[Task instructions] Begin at the line that holds "Kokta rödbetor med" and copy each line exactly until the data below ends, including that last line but no pictures.

[Information supplied]
# # # # #

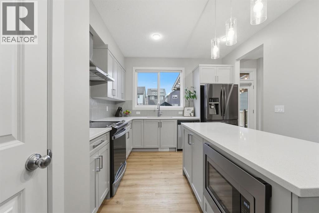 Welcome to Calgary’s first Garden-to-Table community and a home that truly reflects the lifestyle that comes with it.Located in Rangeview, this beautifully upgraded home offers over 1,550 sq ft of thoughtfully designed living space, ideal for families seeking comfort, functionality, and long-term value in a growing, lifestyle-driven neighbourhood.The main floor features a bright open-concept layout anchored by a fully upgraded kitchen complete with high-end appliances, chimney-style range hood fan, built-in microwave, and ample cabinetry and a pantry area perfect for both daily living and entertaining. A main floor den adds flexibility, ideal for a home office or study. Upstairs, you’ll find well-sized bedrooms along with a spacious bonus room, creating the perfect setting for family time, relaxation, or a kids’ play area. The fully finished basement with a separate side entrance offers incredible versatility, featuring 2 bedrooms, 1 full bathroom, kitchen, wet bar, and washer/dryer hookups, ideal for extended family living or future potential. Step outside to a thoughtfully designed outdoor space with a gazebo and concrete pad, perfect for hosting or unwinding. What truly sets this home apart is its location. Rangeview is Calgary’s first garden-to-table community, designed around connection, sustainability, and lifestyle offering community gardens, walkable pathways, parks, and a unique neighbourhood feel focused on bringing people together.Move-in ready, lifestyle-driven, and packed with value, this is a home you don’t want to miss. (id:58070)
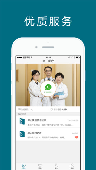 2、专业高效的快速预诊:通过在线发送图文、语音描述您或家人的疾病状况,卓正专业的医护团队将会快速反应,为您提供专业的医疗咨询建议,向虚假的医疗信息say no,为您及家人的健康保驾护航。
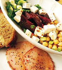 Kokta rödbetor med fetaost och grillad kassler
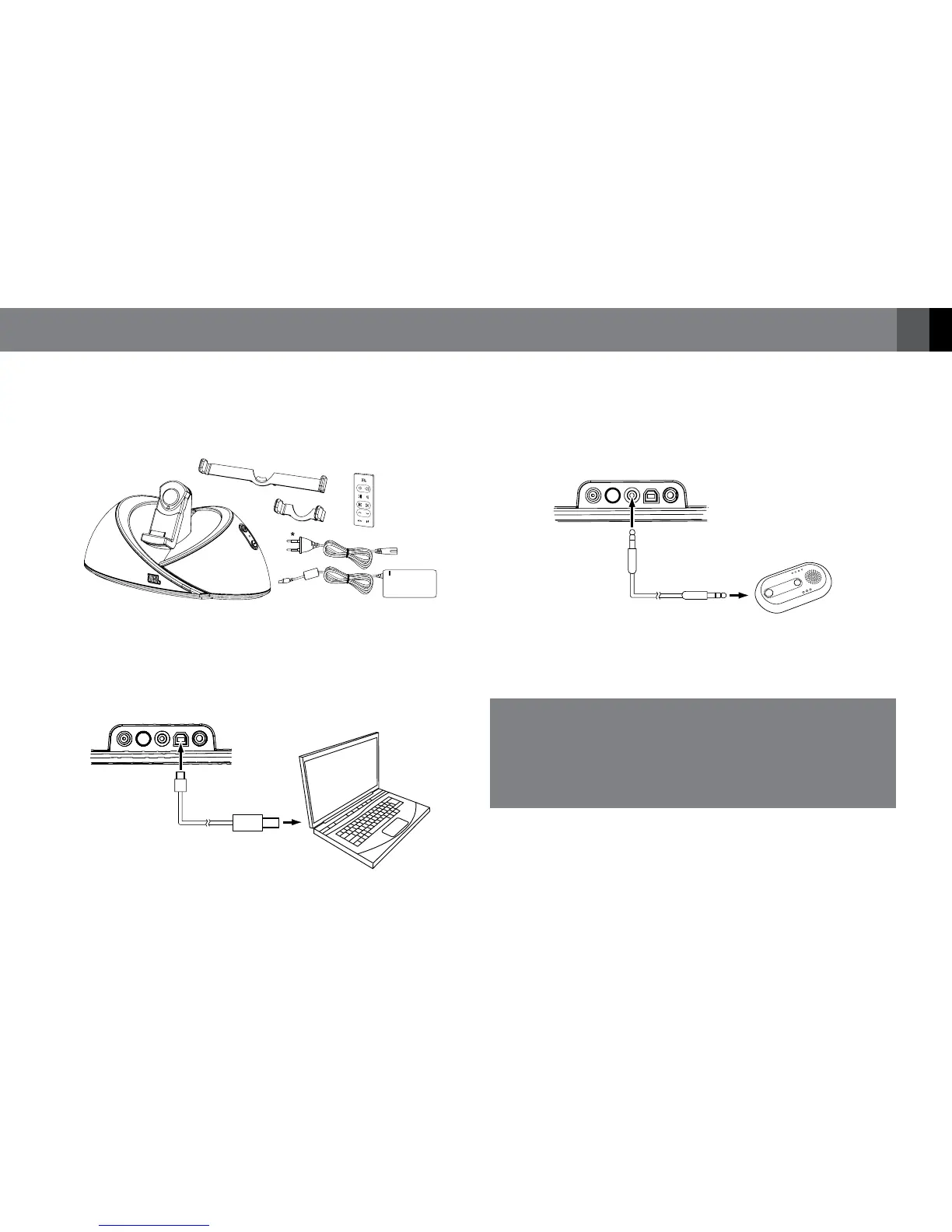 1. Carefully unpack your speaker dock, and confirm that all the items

# # # # #

[Expected answer]
 Kokta rödbetor med fetaost och grillad kassler
 1. Carefully unpack your speaker dock, and confirm that all the items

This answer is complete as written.